[[ Material shown, beginning ]]
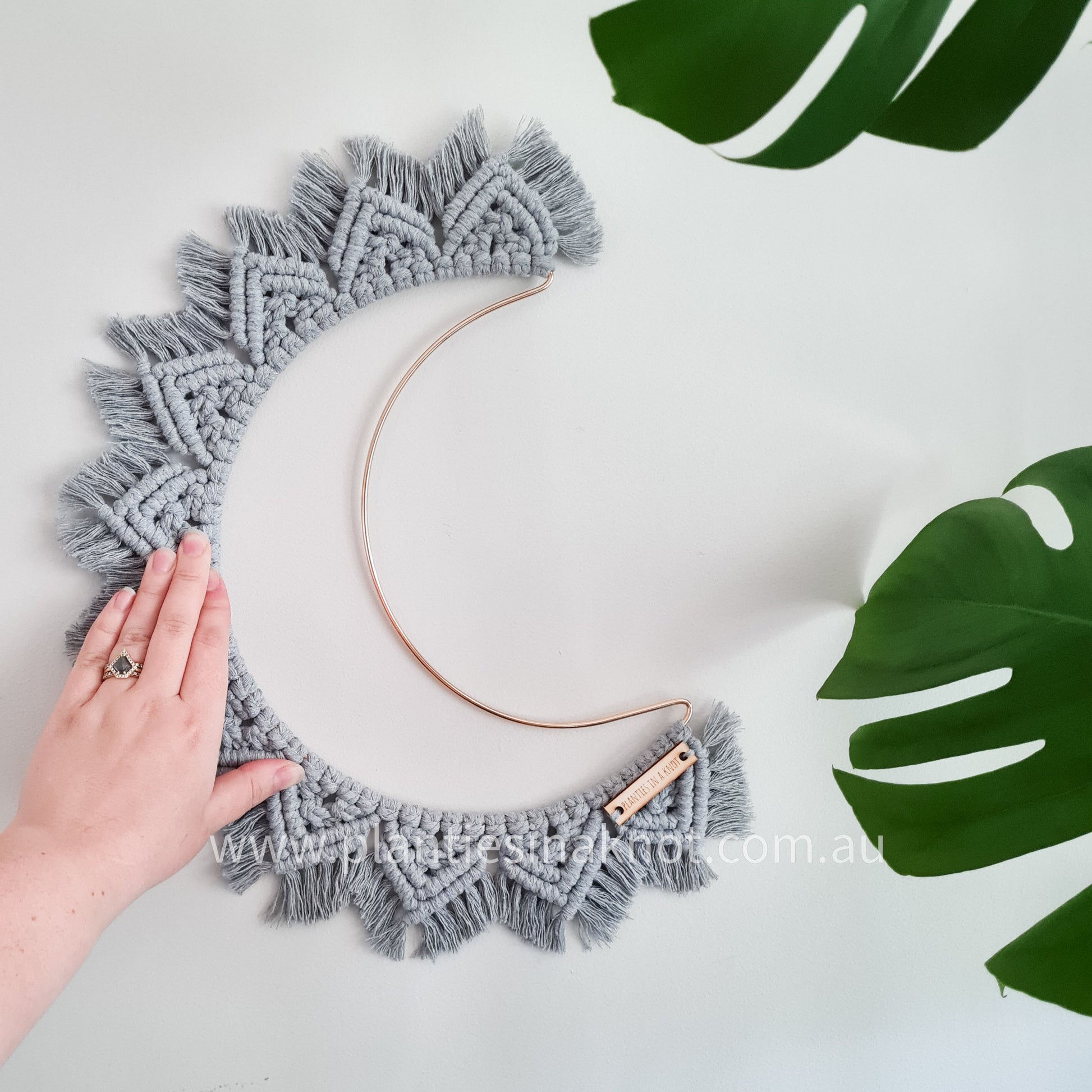 Sizing: These moons made on a metal frame range between 40 - 44cm wide x 28 - 32cm long.
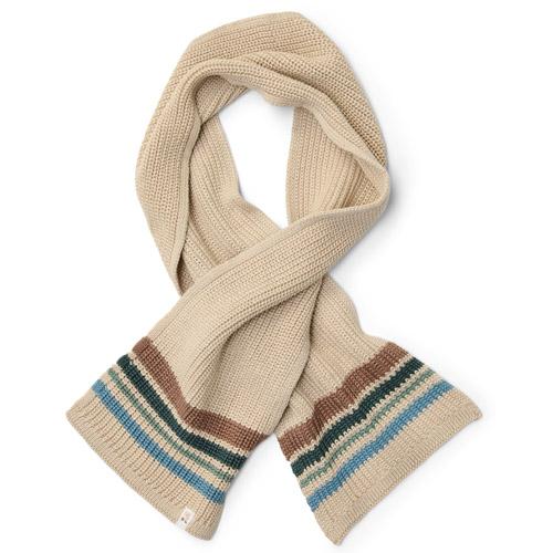 L'écharpe a une touche ludique grâce aux rayures colorées à son extrémité.
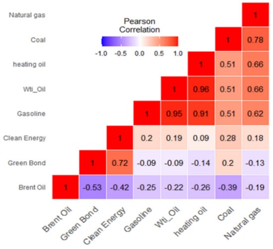 In this study, we focus on the US markets, which remain the largest source of green debt, with a total of USD 52.1 bn (18%) (Climate Bonds Initiative, 2020 [6]), and the world’s largest energy and financial trading markets. With these characteristics, the US market can effectively reflect the co-movement of the GB markets with the CE stock and fossil fuel markets. Meanwhile, we consider Brent crude oil in identifying the impact of crude oil on GBs, as this oil type is the most volatile of the fossil fuel products.
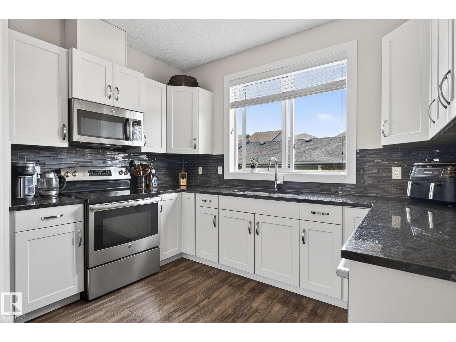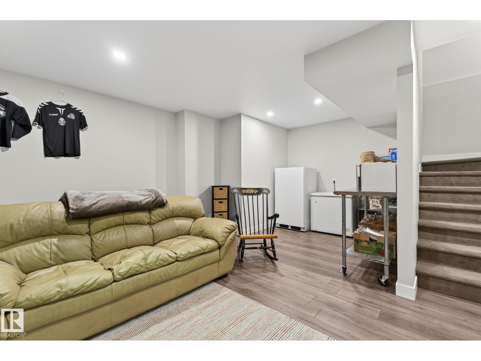 MOVE IN READY! FINISHED BASEMENT. NO CONDO FEES and NOT a zero-lot! CORNER UNIT, fully fenced! Steps from the new Lewis Farms Recreation Centre in the heart of Rosenthal is this South facing home. Front window views of the park/pond (instead of houses). Street offers additional parking in this location. Tons of light with no new construction dirt and dust! IMMACULATE 4 bed/4 bath home with attention to every finished detail. Step into 9ft ceilings on the main. Numerous upgrades including additional blown in insulation, new extra large water heater, professional paint 2025 (whole house), professional landscaping (front and back), 2- tier cedar decks, and basement development. Granite and stainless steel appliances complete the kitchen that looks into the back. 3 spacious bedrooms up with a walk-in closet and en-suite in the primary. UPSTAIRS LAUNDRY. Basement beautifully done with a full bath (walk-in shower) fourth bedroom and rec room. Alley access to the double detached garage. Must see to appreciate (id:63190)
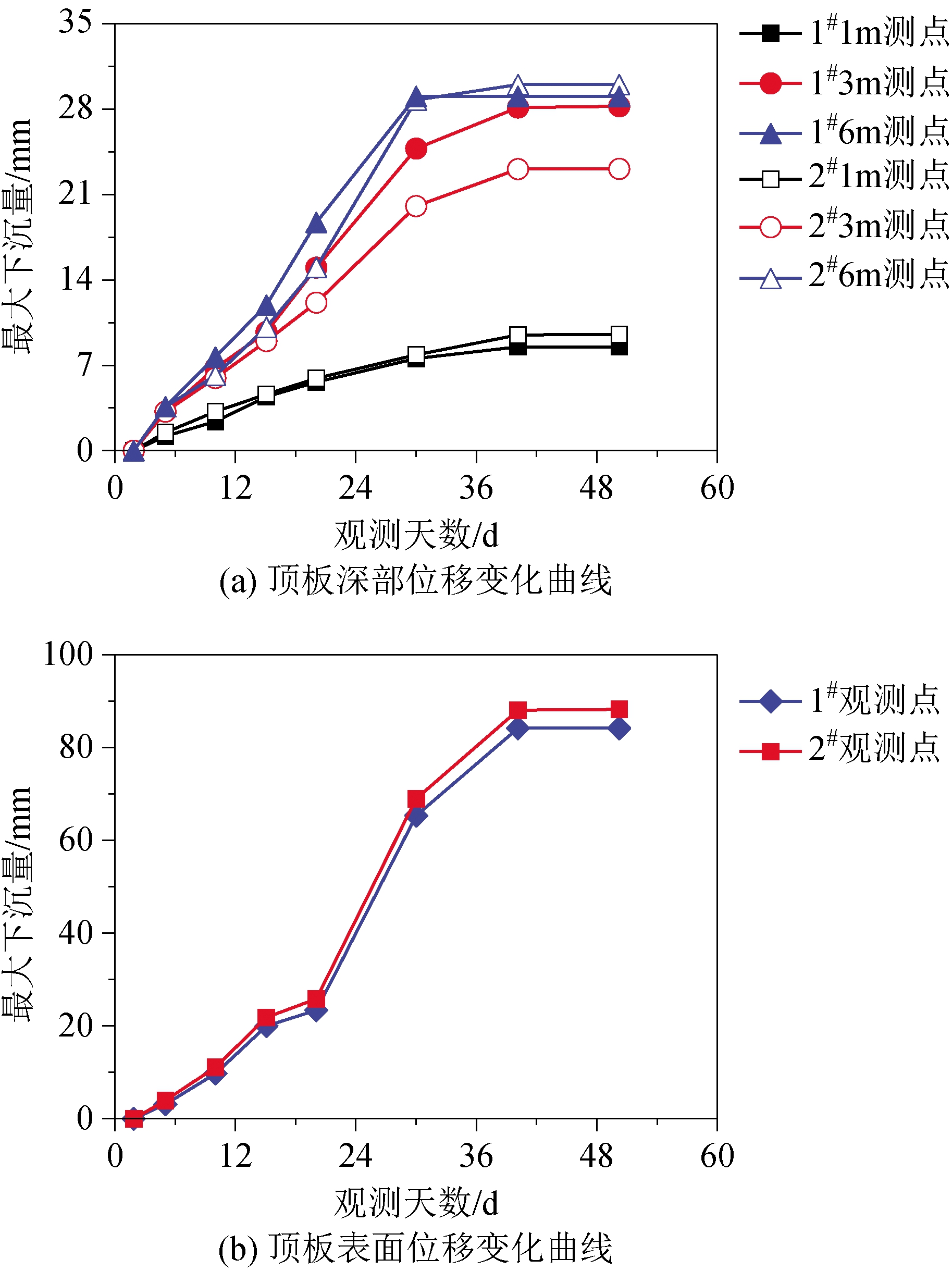 图5 无超前支护情况下巷道顶板监测线的垂直位移曲线
[[ Material shown, end ]]
● **Exercise brief**:
What should come back is an exact copy of the lines above from the line with "L'écharpe a une" to the line with "In this study, we", both included, minus the pictures.

● **Completed task**:
 L'écharpe a une touche ludique grâce aux rayures colorées à son extrémité.
 In this study, we focus on the US markets, which remain the largest source of green debt, with a total of USD 52.1 bn (18%) (Climate Bonds Initiative, 2020 [6]), and the world’s largest energy and financial trading markets. With these characteristics, the US market can effectively reflect the co-movement of the GB markets with the CE stock and fossil fuel markets. Meanwhile, we consider Brent crude oil in identifying the impact of crude oil on GBs, as this oil type is the most volatile of the fossil fuel products.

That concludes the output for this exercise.